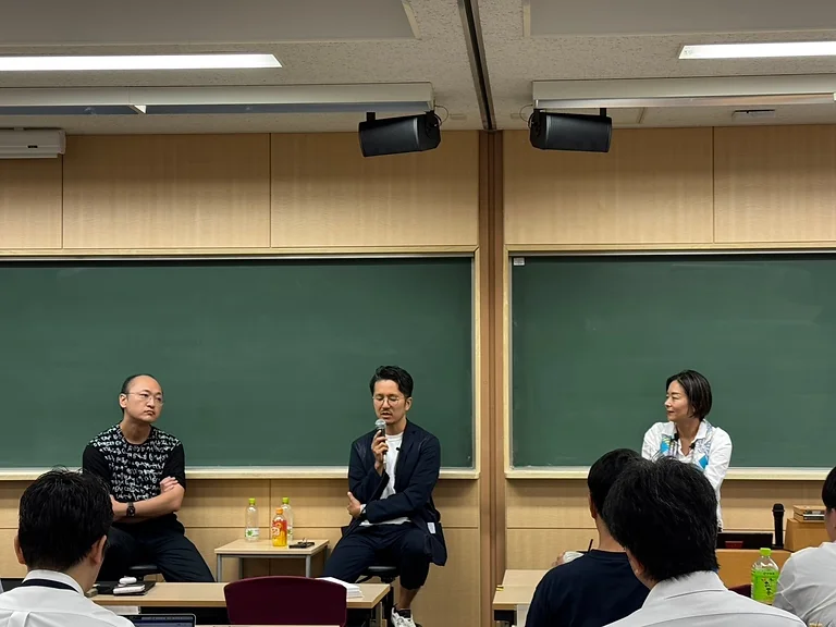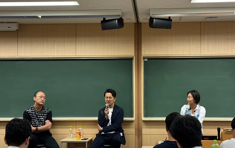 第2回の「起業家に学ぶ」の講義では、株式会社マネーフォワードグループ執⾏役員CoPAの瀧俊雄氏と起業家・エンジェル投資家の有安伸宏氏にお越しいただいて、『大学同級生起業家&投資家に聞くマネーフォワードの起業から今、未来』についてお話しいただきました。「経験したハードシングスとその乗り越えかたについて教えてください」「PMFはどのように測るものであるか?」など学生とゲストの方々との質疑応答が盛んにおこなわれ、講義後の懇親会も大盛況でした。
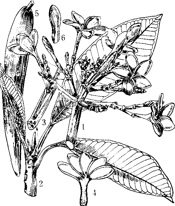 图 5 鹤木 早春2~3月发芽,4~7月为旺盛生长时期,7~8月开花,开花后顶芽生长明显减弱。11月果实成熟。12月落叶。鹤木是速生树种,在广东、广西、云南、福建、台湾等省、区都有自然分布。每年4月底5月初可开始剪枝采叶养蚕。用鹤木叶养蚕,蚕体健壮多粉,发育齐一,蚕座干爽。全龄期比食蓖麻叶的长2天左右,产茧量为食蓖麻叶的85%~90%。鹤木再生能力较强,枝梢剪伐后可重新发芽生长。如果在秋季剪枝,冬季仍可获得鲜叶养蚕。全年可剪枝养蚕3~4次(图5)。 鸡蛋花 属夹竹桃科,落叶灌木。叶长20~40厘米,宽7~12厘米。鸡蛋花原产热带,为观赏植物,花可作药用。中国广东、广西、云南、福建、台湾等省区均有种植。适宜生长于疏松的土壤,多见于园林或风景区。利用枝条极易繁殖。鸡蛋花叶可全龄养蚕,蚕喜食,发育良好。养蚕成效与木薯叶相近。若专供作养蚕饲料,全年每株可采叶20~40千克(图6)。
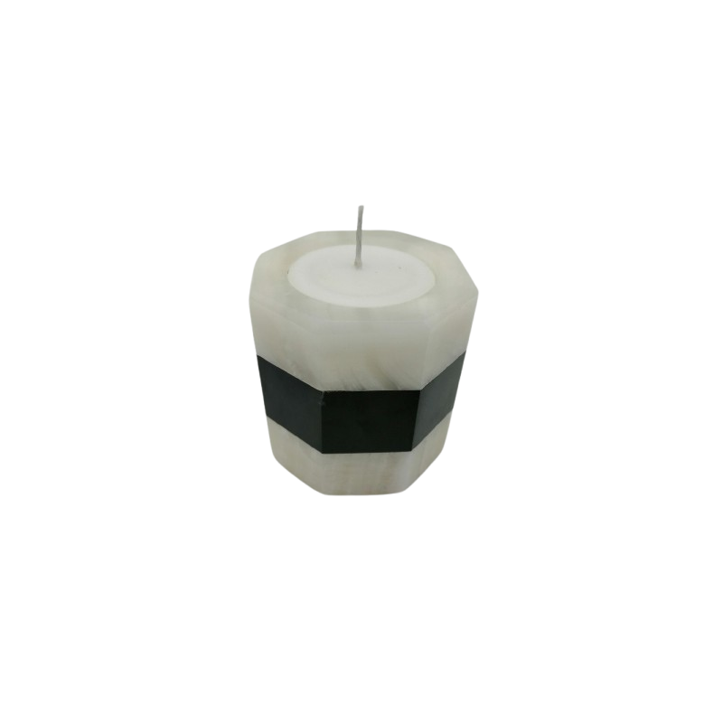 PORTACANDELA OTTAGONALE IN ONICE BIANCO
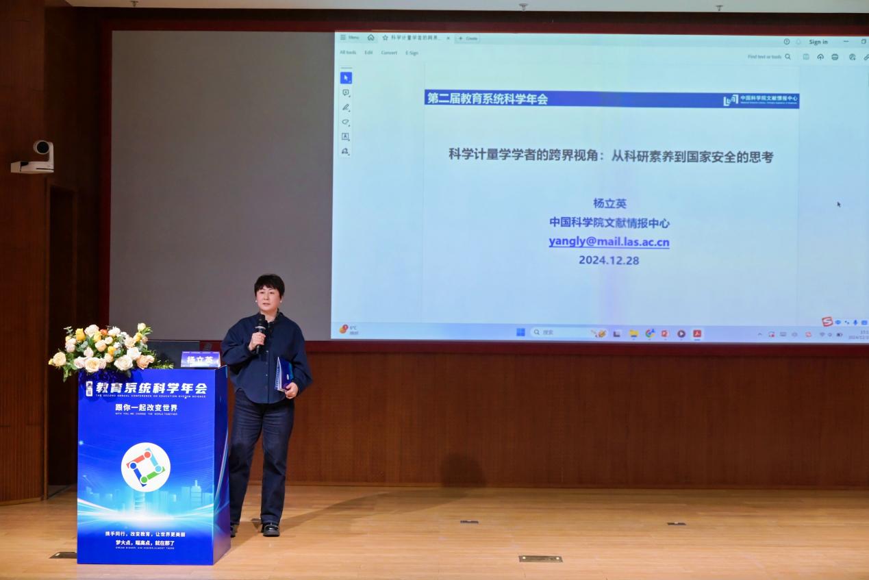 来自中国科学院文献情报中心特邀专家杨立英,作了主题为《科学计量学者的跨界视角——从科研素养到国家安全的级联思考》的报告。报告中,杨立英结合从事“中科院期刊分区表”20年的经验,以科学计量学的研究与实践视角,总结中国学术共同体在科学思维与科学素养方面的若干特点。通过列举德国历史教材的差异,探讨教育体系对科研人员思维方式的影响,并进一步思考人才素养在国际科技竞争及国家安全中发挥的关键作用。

→ About this task
Nothing but the lines from the line containing "PORTACANDELA OTTAGONALE IN ONICE BIANCO" through the last line of the listing above should appear, output exactly, with no pictures.

→ Expected answer
 PORTACANDELA OTTAGONALE IN ONICE BIANCO
 来自中国科学院文献情报中心特邀专家杨立英,作了主题为《科学计量学者的跨界视角——从科研素养到国家安全的级联思考》的报告。报告中,杨立英结合从事“中科院期刊分区表”20年的经验,以科学计量学的研究与实践视角,总结中国学术共同体在科学思维与科学素养方面的若干特点。通过列举德国历史教材的差异,探讨教育体系对科研人员思维方式的影响,并进一步思考人才素养在国际科技竞争及国家安全中发挥的关键作用。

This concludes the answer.